La nausée dans le sang, la nausée prise de tête. A jeun et chargé de produits chimiques, en proie aux angoisses nocturnes, j’ai ressenti le simple fait d’être une chose. A la merci de tout et de rien. Cette chose humaine qu’on veillait comme du lait sur le feu. Une chose fragile, sans défense. La bête blessée qui se cache pour mourir, comme l’oiseau. Branchée de partout, coincée dans son envie de mouvement. Alité et mal aux fesses. Non je n’avais vraiment pas la patate à ce moment-là, c’est le cas de le dire.

Et puis, l’épisode du miroir m’a révélé une nouvelle part de moi-même. Canule, drains, cathéters, attelle… Je disposais même d’un bras armé, roulant et télescopique avec des poches en tout genre. Suspendues. Nutriments en poche, eau en bouteille, médicaments et antibios.

Cocktail détonant pour sportif de chambre. Chargé comme une mule. Les veines couleurs arc en ciel. Et ma nouvelle mâchoire newlook ! Mon lambeau de péroné dans la gueule. Deux fois par jour, auscultée 2 à 3 fois par jour par des internes lampe-frontalée.

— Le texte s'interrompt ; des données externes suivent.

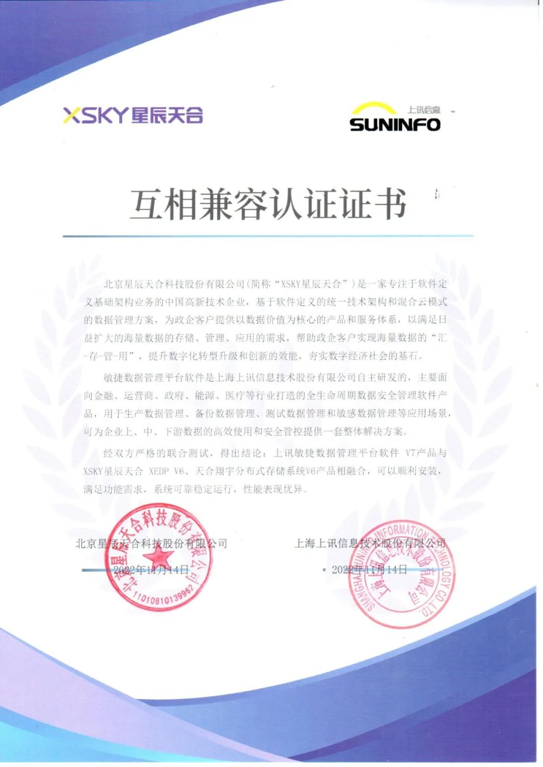 上訊信息敏捷數(shù)據(jù)管理平臺 (ADM) 與XSKY星辰天合存儲系統(tǒng)互認(rèn)證明
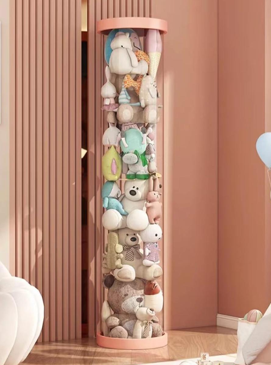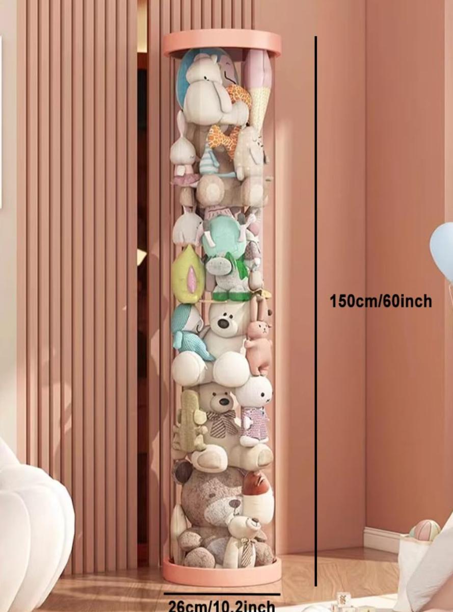 Pink Premium Stuffed Animal Storage Tube, Plush Toy Organizer, Clear Bucket with Zipper for Children's Toy Storage w/Lid
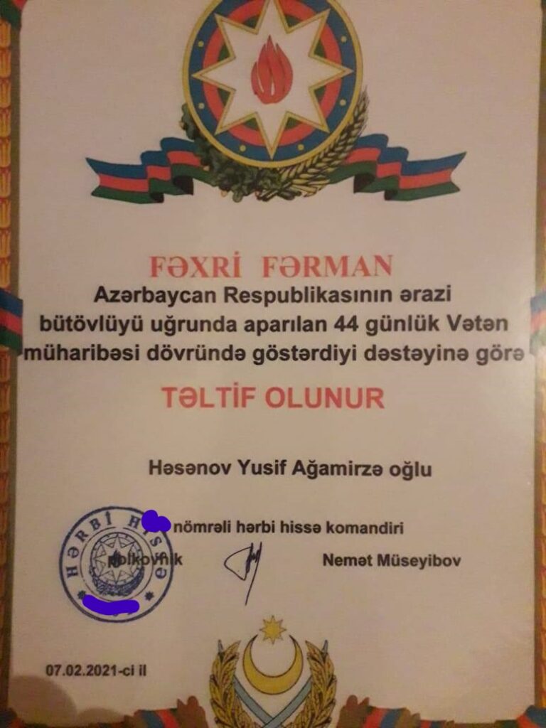 Müharibə veteranı Yusif Həsənov deyir: «Mənim əsas məqsədim döyüş vaxtı döyüşçü balalarımızın yanında olmaqdı. Biz AVMVİB üzvü olaraq hər birimiz buna can atdıq və etdik. AVMVİB qələbəyə aparan yolda oldu və dəstək verdi. Mən hərbi hissə tərəfindən Fəxri fərmanla təltif olundum. Bunu veteranlaın əməyinə verilən qiymət kimi qəbul edirəm».
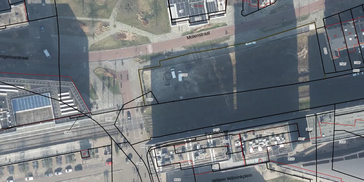 Het perceel waarop Molenstraat 4-54 staat heeft een oppervlakte van 2535 m². Dit is een zeer groot perceel. De perceeloppervlakte wordt geregistreerd door het Kadaster. Gedetailleerde informatie over de maten van dit perceel kunt u vinden in het rapport Kadastrale kaart met maatvoering van Molenstraat 4-54.
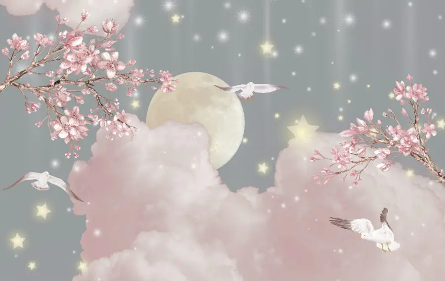 163.88 грн98.33 грнФотошпалери Рожево-білий міський пейзаж з рожевими повітряними кульками та птахами, що летять

Le rose comme signe d’une bonne irrigation sanguine. Deux baguettes osseuses solidement vissées redonnent vie à ma mandibule gauche.

Cap de bonne espérance

Nouvelle configuration buccale. S’habituer par la force des choses. Si je puis maintenant mieux appréhender le besoin de transformer le regard porté sur mon propre corps quand on est touché dans son intégrité physique, cette atteinte constitue une formidable opportunité pour continuer à évoluer, grandir, s’élever. Je le dis avec d’autant plus de force que j’ai constaté que l’état d’esprit de la personne handicapée que je suis, est essentiel pour passer le cap de bonne espérance.

Première empreinte de ma mâchoire inférieure réalisée en février 2020

J’ai attaqué le combat de la reconstruction dentaire avec la même volonté, le même optimisme qu’avant l’opération. J’espère simplement que cette traversée expérientielle sera utile aux malades de tout bord. C’est une question de vie. Passer au-delà, se réaliser pour de vrai et faire ce pour quoi on expérimente la vie. La crise sanitaire que nous vivons actuellement vient renforcer cette réflexion*.

Je regarde tous les jours le côté gauche de ma mâchoire, et j’y vois cette partie ronde et lisse quand elle est rasée. Un peu comme une patate. Une belle patate ronde et lisse. Ma patate.

NB : ce texte a initialement été écrit le 21 février 2020, avant la crise sanitaire du coronavirus.